I will go through the entire federal budget, page by page, line by line, and eliminate the programs that don’t work and aren’t needed. We should start by ending a war in Iraq that is costing us $10 billion a month while the Iraqi government sits on a $79 billion surplus. We should stop sending $15 billion a year in overpayments to insurance companies for Medicare, and go after tens of billions of dollars in Medicare and Medicaid fraud. We need to stop sending three billion a year to banks that provide student loans the government could provide for less. And we can end the hundreds of millions a year in subsidies to agribusiness that can survive just fine without your tax dollars, and use some of the money to help struggling family farmers. That’s what I’ll do as President.

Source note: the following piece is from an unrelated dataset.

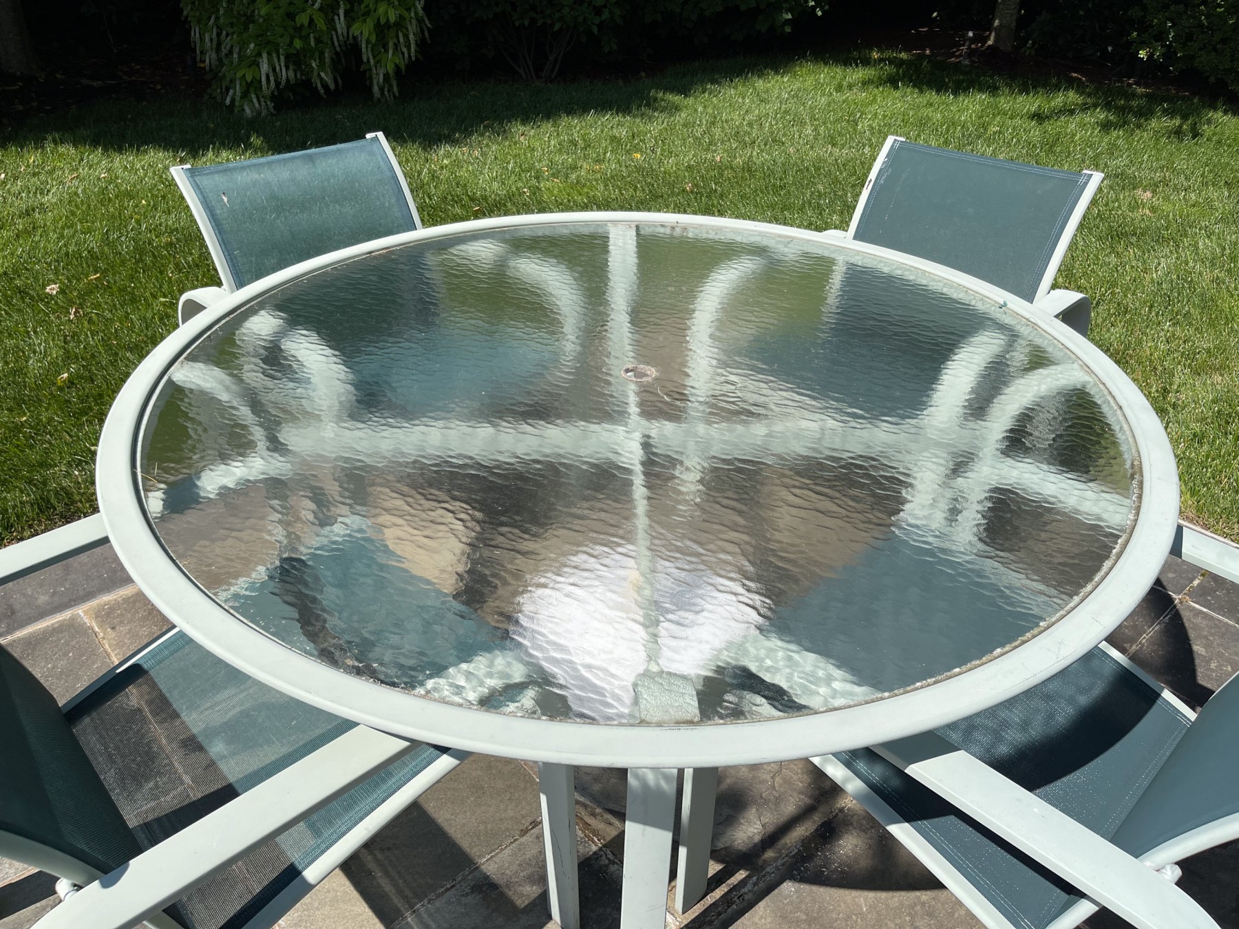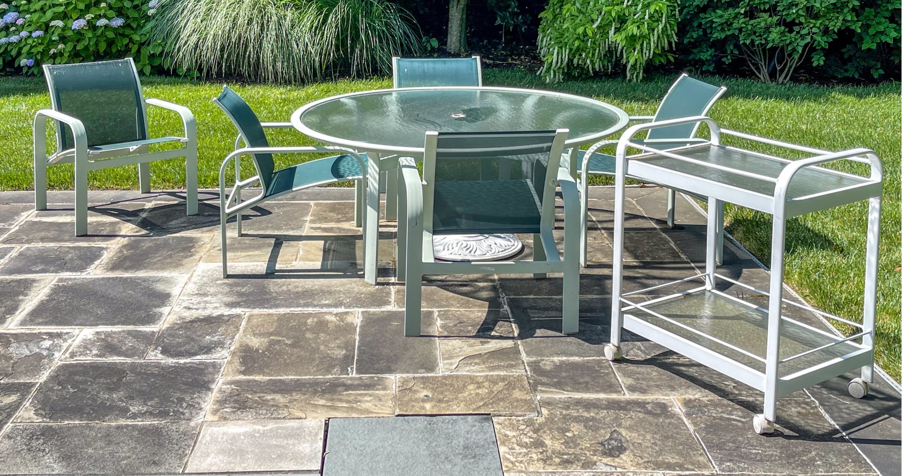 A fabulous vintage Brown Jordan outdoor dining set. Includes a circular glass-top table, five armchairs, an umbrella stand, and a barcart.
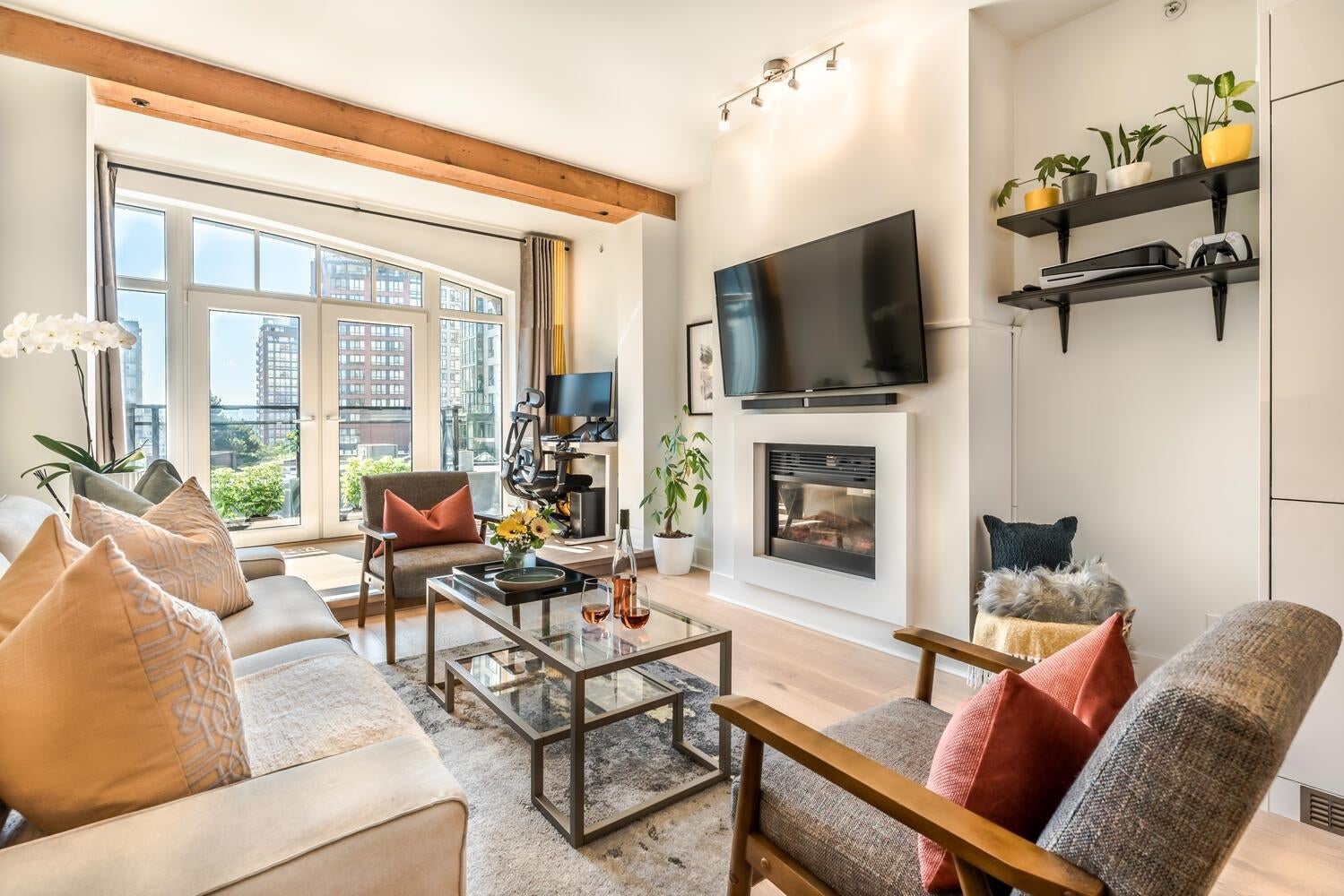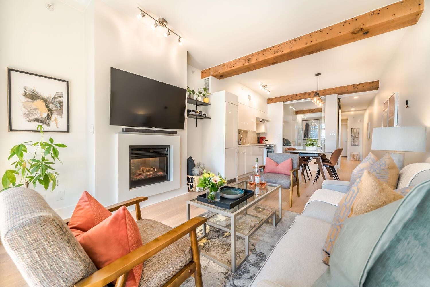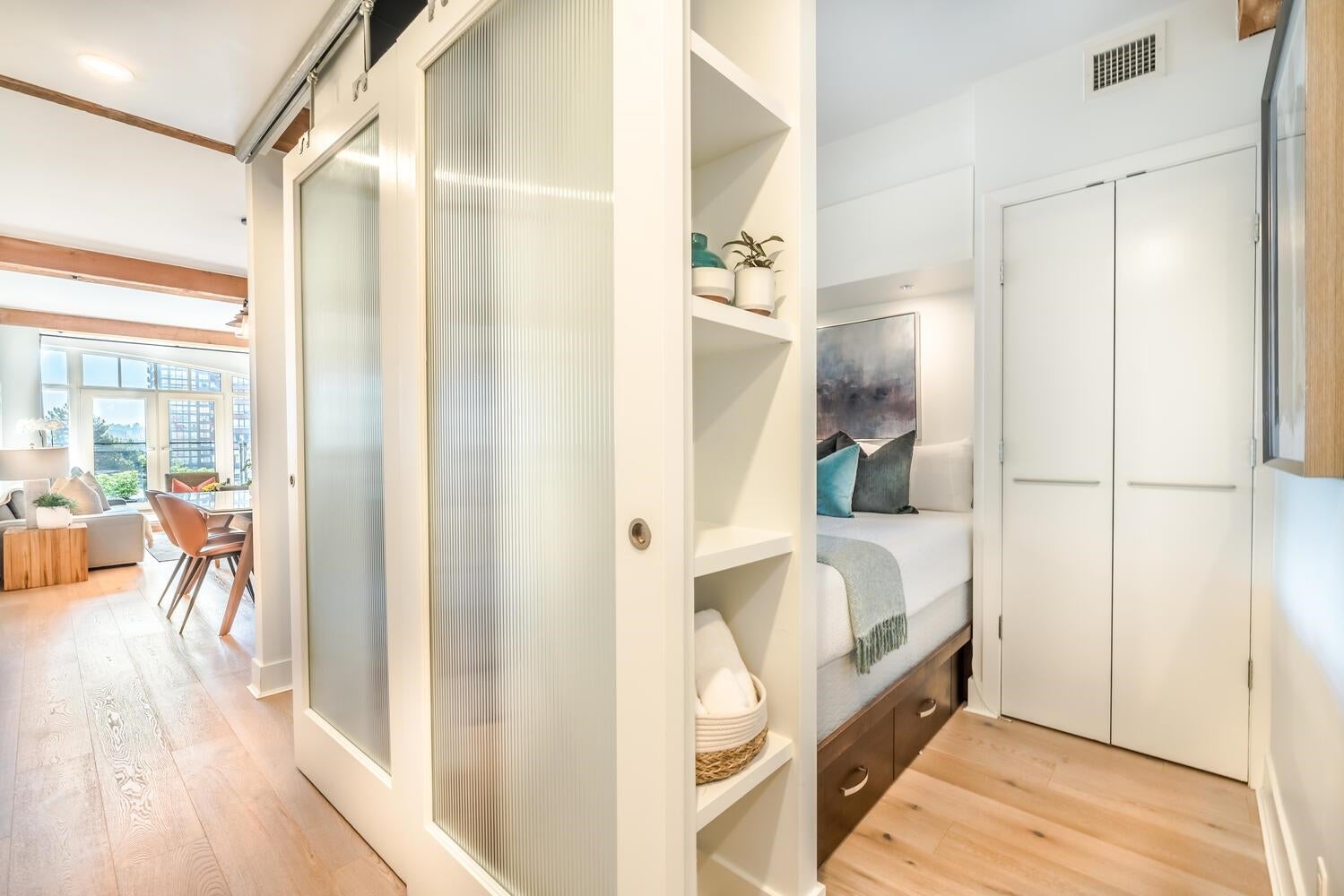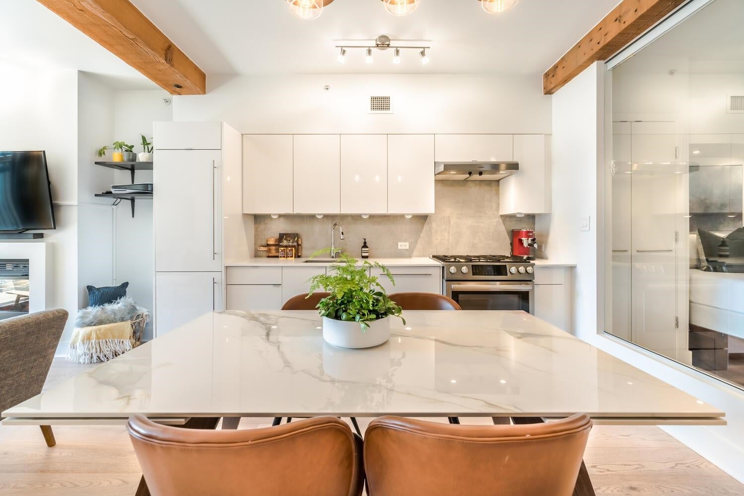THE ULTIMATE IN LOFT LIVING! SPACIOUS OPEN FLOOR PLAN with AIR CONDITIONING. Welcome home to the esteemed ALDA. This beautifully updated 1 bdrm + den "purpose-built" loft is bright, spacious & meticulously maintained. Enjoy the exposed wood beams, over-height 9' ceilings, the updated kitchen with ample counter & storage space; integrated BOSCH appliances with a gas cook top stove. The tasteful, contemporary finishings include wide plank engineered hardwood flooring throughout the living & sleeping areas, high gloss cabinetry, natural stone countertops, elegant ceramic tiles and more! Incl. 1 pkg stall & 1 storage locker, (located on the same floor as the suite) PRIME LOCATION: Steps to shopping, dining, David Lam Park, Seawall & much more! Savour the best in YALETOWN LOFT LIVING!

And we can’t stop there. We lose $100 billion every year because corporations set up mailboxes offshore so they can avoid paying a dime of taxes in America. In the Senate, I worked across the aisle to crack down on these schemes. And as President, I will shut down those offshore tax havens and all those corporate loopholes once and for all. You shouldn’t have to pay higher taxes because some big corporation cut corners to avoid paying theirs. All of us have a responsibility to pay our fair share. That’s accountability. And that’s what we’ll have when I’m President.

As for the programs we do need, I will make them work better and cost less. I will create a High-Performance Team of experts that evaluates every agency and every office based on how well they’re serving the American taxpayer. I will save billions of dollars by cutting private contractors and improving management and oversight of the hundreds of billions of dollars our government spends on contracts. And I will finally end the abuse of no-bid contracts once and for all – the days of sweetheart deals for Halliburton will be over when I’m in the White House."

So, it's pretty clear that my team wants a stimulus package. From a libertarian Democrat point of view, we want to examine the effectiveness of the stimulus, and the budget ramifications of the stimulus.

Finally, I believe that one reason a stimulus package is not receiving much coverage right now is because it will have to wait for the next administration.